The options I see so far are:
- refactor the Algorithm trait into a big nasty enum, which in my case would be a pretty big rewrite I would like to avoid.
- write a custom, unattached to the Deserialize trait, function that does some sort of peek inside the serialized string before deserializing.
I'm hoping there's an elegant, idiomatic solution I'm not seeing.
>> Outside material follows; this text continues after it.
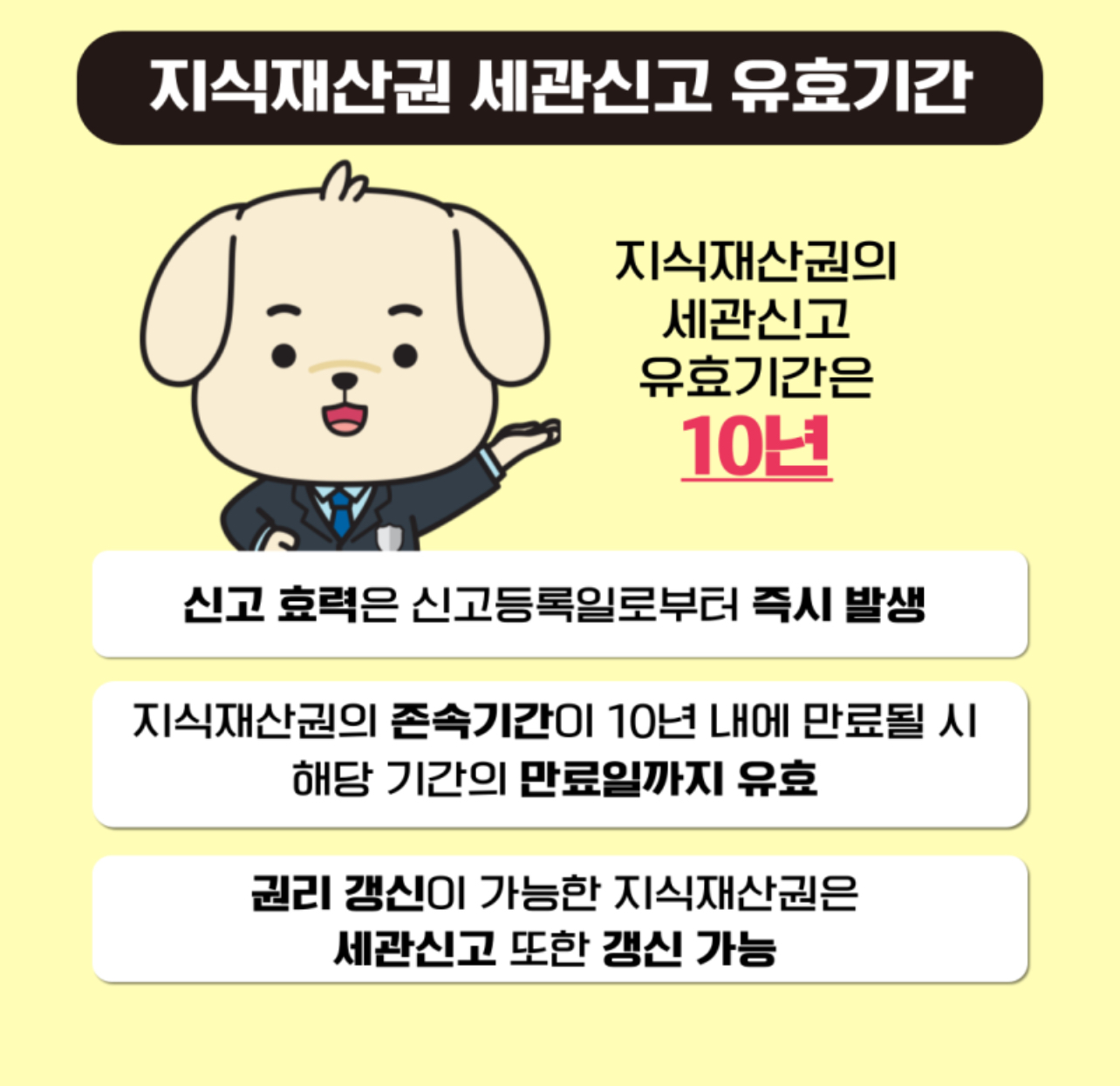 ✔️권리 갱신이 가능한 지식재산권은 세관신고 또한 갱신 가능

use std::marker::PhantomData;
use serde::{Deserialize, Deserializer, Serialize, Serializer, ser::SerializeTuple, de::{SeqAccess, Visitor, Error}};
use serde_json::json; // 1.0.85
#[derive(Debug)] struct AlgoOne;
#[derive(Debug)] struct AlgoTwo;
trait Algorithm {
const ALGORITHM: &'static str;
}
impl Algorithm for AlgoOne {
const ALGORITHM: &'static str = "AlgoOne";
}
impl Algorithm for AlgoTwo {
const ALGORITHM: &'static str = "AlgoTwo";
}
#[derive(Debug)]
struct Signature<T> {
algo: PhantomData<T>,
data: String
}
impl<T> Signature<T> where T: Algorithm {
fn new(data: String) -> Self {
Self {
algo: PhantomData,
data
}
}
fn algorithm(&self) -> &'static str {
T::ALGORITHM
}
}
impl<T> Serialize for Signature<T> where T: Algorithm {
fn serialize<S>(&self, serializer: S) -> Result<S::Ok, S::Error> where S: Serializer {
let a = self.algorithm();
let mut s = serializer.serialize_tuple(2)?;
s.serialize_element(a)?;
s.serialize_element(&self.data)?;
s.end()
}
}
struct SignatureVisitor;
impl<'de> Visitor<'de> for SignatureVisitor {
type Value = (&'de str, &'de str);
fn expecting(&self, formatter: &mut std::fmt::Formatter) -> std::fmt::Result {
formatter.write_str("a tuple of two strings")
}
fn visit_seq<A>(self, mut seq: A) -> Result<Self::Value, A::Error>
where
A: SeqAccess<'de>,
{
let l: &'de str = seq.next_element()?.unwrap();
let r: &'de str = seq.next_element()?.unwrap();
Ok((l, r))
}
}
impl<'de, T> Deserialize<'de> for Signature<T>
where
T: Algorithm,
{
fn deserialize<D>(deserializer: D) -> Result<Self, D::Error>
where
D: Deserializer<'de>,
{
let g = deserializer.deserialize_tuple(2, SignatureVisitor)?;
if g.0 != T::ALGORITHM {
Err(Error::custom("Invalid Tuple Type"))
} else {
Ok(Self::new(g.1.to_string()))
}
}
}
fn main() {
let a: Signature<AlgoOne> = Signature::new("steve".to_owned());
let j = serde_json::to_string(&a).unwrap();
dbg!(j); // ["AlgoOne","steve"]
let k = json!(("AlgoTwo", "horace")).to_string();
dbg!(&k); // ["AlgoTwo","horace"]
let r: Result<Signature<AlgoTwo>, serde_json::Error> = serde_json::from_str(&k);
match r {
Err(e) => println!("Error: {}", e.to_string()),
Ok(r) => println!("{:?}", r),
}
}